Hospital for Joint Diseases v Lincoln Gen. Ins. Co.
2008 NY Slip Op 07619 [55 AD3d 543]
October 7, 2008
Appellate Division, Second Department
Published by New York State Law Reporting Bureau pursuant to Judiciary Law § 431.
As corrected through Wednesday, December 10, 2008

Hospital for Joint Diseases, as Assignee of Maritza DeThomas, Appellant,
Lincoln General Insurance Company, Respondent.

[*1] Joseph Henig, P.C., Bellmore, N.Y., for appellant.

Nancy S. Linden (Bruno, Gerbino & Soriano, LLP, Melville, N.Y. [Charles W. Benton], of counsel), for respondent.

In an action to recover no-fault medical benefits under an insurance contract, the plaintiff appeals from an order of the Supreme Court, Nassau County (Brandveen, J.), dated March 25, 2008, which granted the defendant's motion to vacate a clerk's judgment of the same court entered October 10, 2007, in its favor and against the defendant in the principal sum of $51,585.52, upon the defendant's failure to appear or answer the complaint.

Ordered that the order is affirmed, with costs.

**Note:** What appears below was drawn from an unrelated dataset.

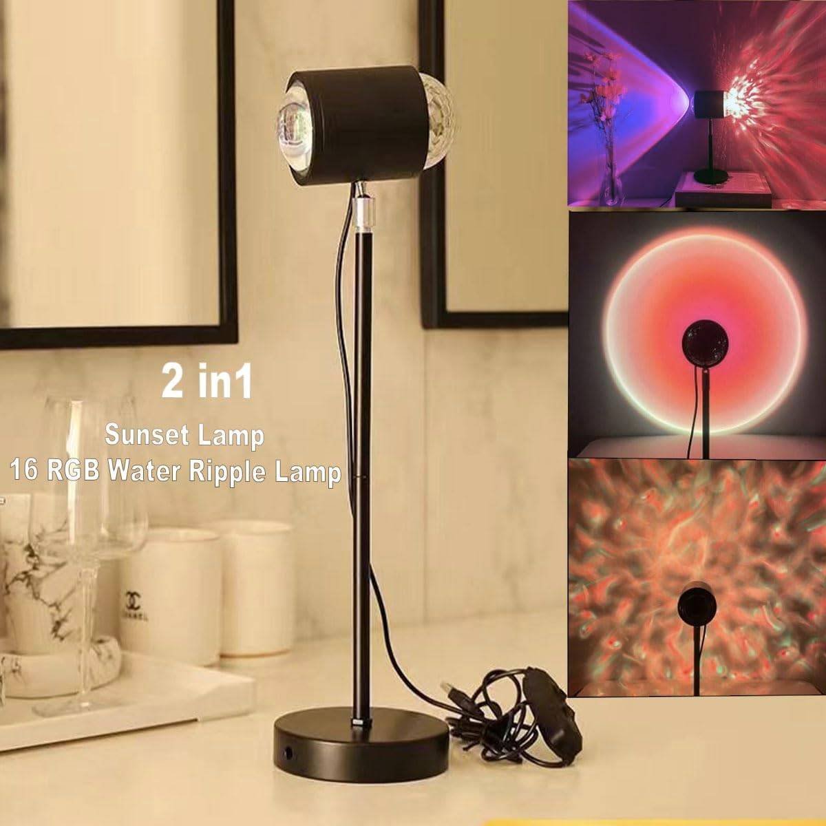 Water Ripple Lamp Sunset Lamp 2-in-1 3D Projector LED Light Sunset Ocean Light Project USB Powered Night Light 360° Rotation Button Control for Bedroom Photography Festive Atmosphere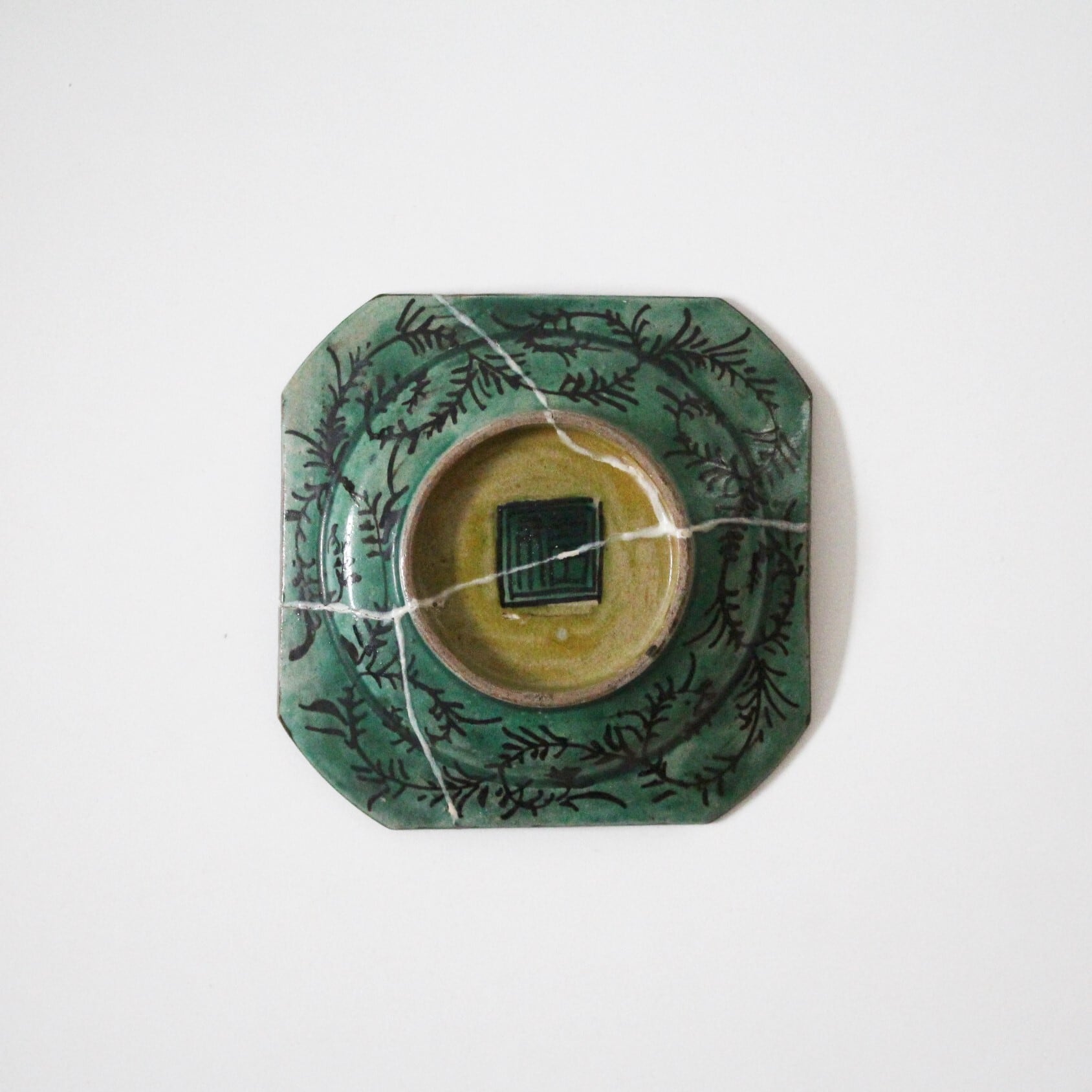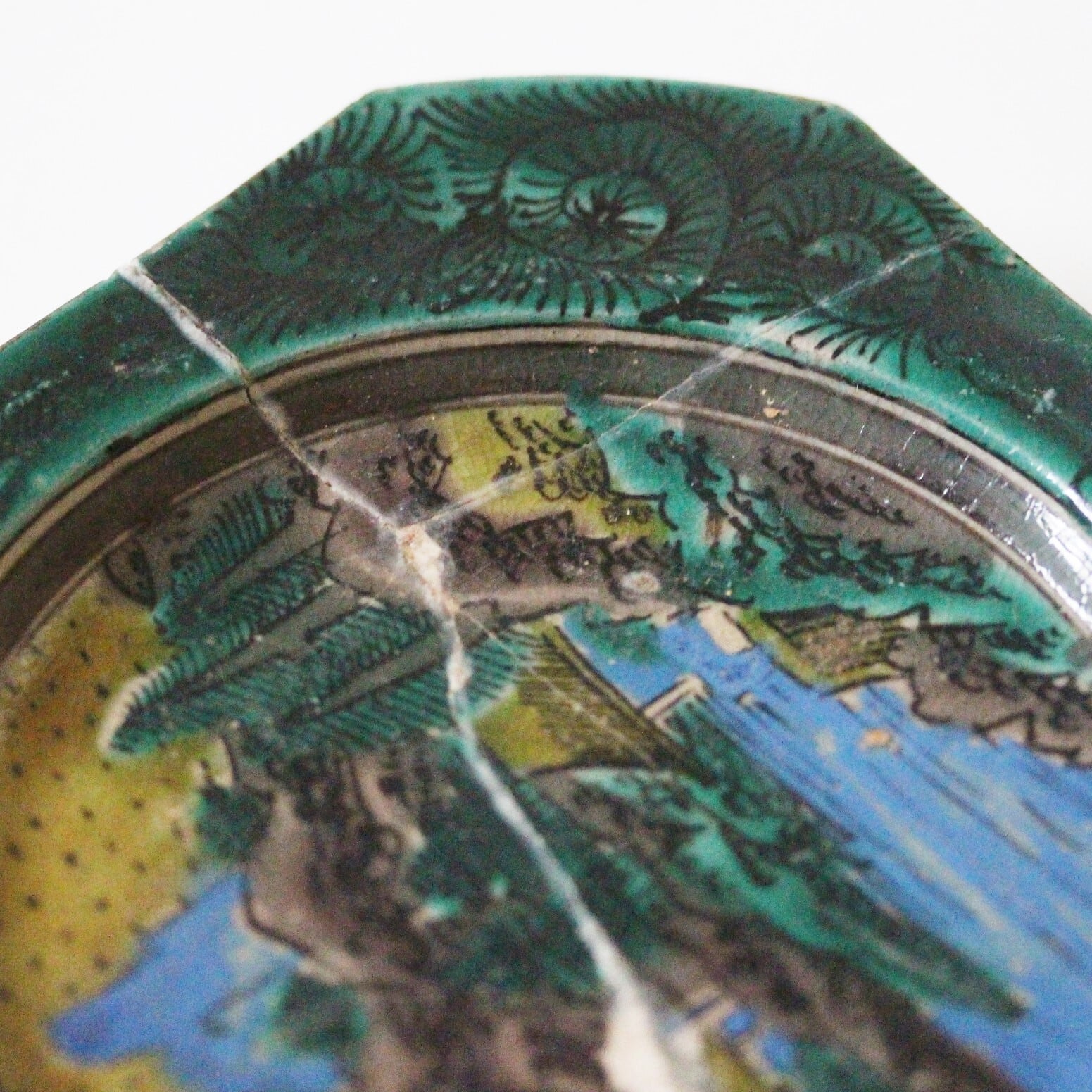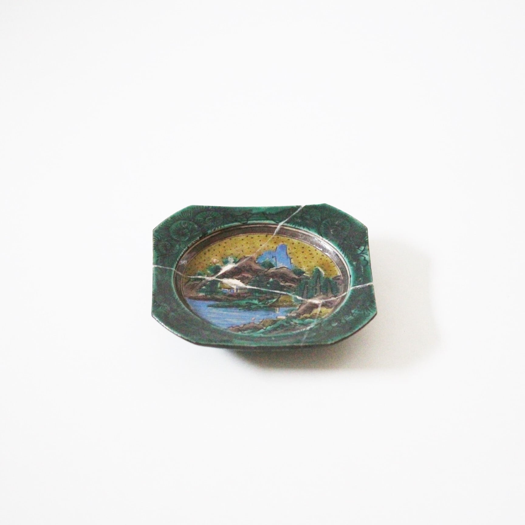 青九谷山水文隅切皿 d12.7cm Kutani Enameled Square Dish with Cut-Off Corners, Landscape Design 19th C | HANAFUDA

Service upon the defendant was effectuated through delivery of the summons and complaint upon the Assistant Deputy Superintendent and Chief of Insurance pursuant to Insurance Law § 1212 (see New York & Presbyt. Hosp. v Allstate Ins. Co., 29 AD3d 968 [2006]; Kaperonis v Aetna Cas. & Sur. Co., 254 AD2d 334 [1998]). Although the defendant's motion was made pursuant to CPLR 5015 (a) (1), under the circumstances of this case, it may be treated as a motion made under CPLR 317 as well (see Eugene Di Lorenzo, Inc. v A.C. Dutton Lbr. Co., 67 NY2d 138, 142-143 [1986]; Mann-Tell Realty Corp. v Cappadora Realty Corp., 184 AD2d 497, 498 [1992]).

The defendant met its burden of showing that it did not receive actual notice of the summons [*2]in time to defend with an affidavit of its claims manager detailing its standard office practice concerning the handling of summonses and complaints, and asserting that the summons and complaint in this action was not received until after the entry of judgment (see Marine v Federal Ins. Co., 293 AD2d 721 [2002]). The plaintiff's proof was insufficient to rebut that showing (see Matter of Phoenix Ins. Co. v Tasch, 306 AD2d 288 [2003]). Moreover, the defendant established that it may have a meritorious defense to the action (see Taieb v Hilton Hotels Corp., 60 NY2d 725, 727 [1983]; Hospital for Joint Diseases v State Farm Mut. Auto. Ins. Co., 8 AD3d 533, 535 [2004]; Presbyterian Hosp. in City of N.Y. v General Acc. Ins. Co. of Am., 229 AD2d 479, 480 [1996]; Presbyterian Hosp. in City of N.Y. v Liberty Mut. Ins. Co., 216 AD2d 448 [1995]). Accordingly, the defendant's motion to vacate the clerk's judgment entered upon its failure to appear or answer was properly granted. Fisher, J.P., Lifson, Covello, Balkin and Belen, JJ., concur.